S&P raises Indonesia's rating, boosts sentiment

Tom Wright, Dow Jones, Jakarta

Foreign investor sentiment toward Indonesia got a further boost Monday from a decision by Standard & Poor's to upgrade the country's credit rating by one notch.

Although widely expected, the move nevertheless represents a vote of confidence in the government's bid to cut its public debt, and comes at a time when the country is looking to end its reliance on the International Monetary Fund and to tap the international debt market for the first time since the 1997-98 Asian crisis.

S&P moved Indonesia's foreign currency rating to B-minus with a stable outlook from CCC-plus. It cited the country's success in reducing public debt, which means Indonesia will be able to repay its borrowings coming due from next year rather than relying on the IMF and foreign creditors for rescheduling.

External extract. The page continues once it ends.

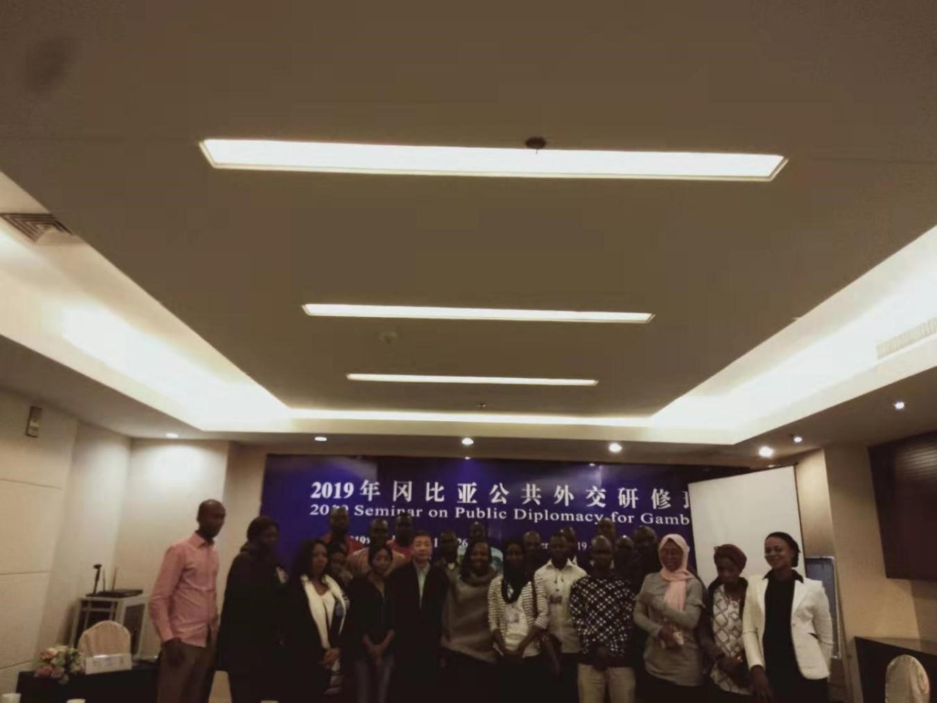 近日,受中华人民共和国商务部邀请,公司区域与国别教研室刘学军老师以全英文方式为“冈比亚公共外交研修班”做了题为《中国的官方外交和公共外交》的专题讲座。
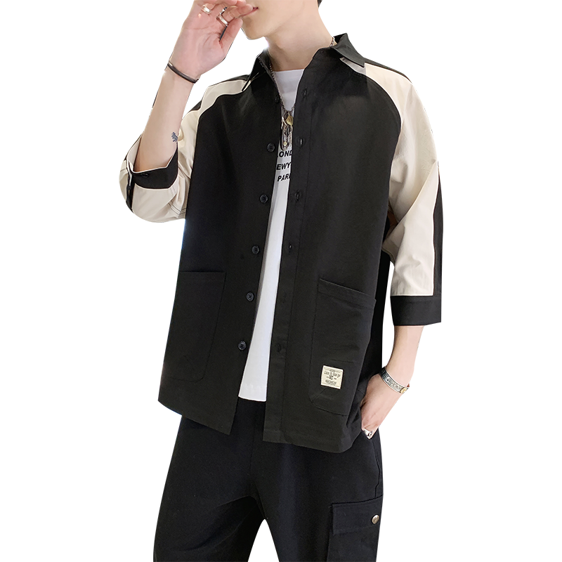 Musim Panas Baru Tren Korea Kemeja Pria Kerah Berdiri Hitam Dan Putih Tujuh Poin Kemeja Lengan Laki Shopee Indonesia

The upgrade brings the rating into line with Moody's B3 grade.

The rupiah strengthened to a 32-month high of Rp 8,435 per U.S. dollar on the upgrade news.

S&P's move reflects a broader optimism toward Indonesia in recent weeks, which has helped push the rupiah and stocks higher.

The stock market is up 25 percent since mid-March.

Still, risks remain that Indonesia's government will come under pressure during next year's presidential elections to reverse some of its expenditure curbing measures, which could hurt its ratings, S&P said. Huge corruption in the bureaucracy and legal system heightens these concerns.

"The confidence which the government is enjoying is still relatively volatile," Takahira Ogawa, sovereign ratings head for S&P in Singapore, told Dow Jones Newswires. S&P is unlikely to raise its rating again in the next year, he added.

Nevertheless, political stability under President Megawati Soekarnoputri - who came to power in July 2001 - has allowed the government to push through economic reforms aimed at reducing debt. Total public borrowing is now about US$130 billion, below the annual gross domestic product for the first time since the 1997-98 regional crisis due to a number of fiscal belt-tightening measures, including cutting expensive government subsidies on fuel and utilities.

Improved confidence has helped boost the rupiah and bring down inflation, allowing the central bank to cut rates. Bank Indonesia deputy governor Miranda Goeltom said on Monday the benchmark one- month Bank Indonesia SBI notes could fall to 10.50 percent by the end of this year, from 10.91 percent currently.

Lower rates, in turn, are helping reduce the amount of money the government spends yearly on keeping its banking sector afloat. The government issued $40 billion in bonds after the crisis to recapitalize commercial banks' balance sheets, and many of these bonds pay interest linked to SBI rates.

"The currency is still rallying, and with every reduction in interest rates, fiscal consolidation becomes slightly easier," Deutsche Bank said in a research note after the upgrade.

The ratings agency also upped its credit ratings of a number of top Indonesian banks to reflect the improved operating environment since the crisis. The credit rating on Bank Mandiri, Bank Negara Indonesia, and Bank Danamon Indonesia moved to B from B-minus.

Given its improving finances, Indonesia has said it won't ask the IMF to extend its current $5 billion lending program when it runs out at the end of this year. Without an IMF program, official foreign creditors - known as the Paris Club of lenders - have said they won't agree to restructure debt coming due from next year.

S&P said it believed Indonesia would be able to repay the $6.5 billion in loan principle due between 2004 and 2008 if it continues to carefully manage its finances.

Indonesia's finance ministry said this month it is mulling issuing global bonds to help refinance some of that debt, possibly in early 2004. Issuing local bonds and asking for larger contributions from multilateral lenders such as the World Bank are other alternatives to meeting the country's funding needs.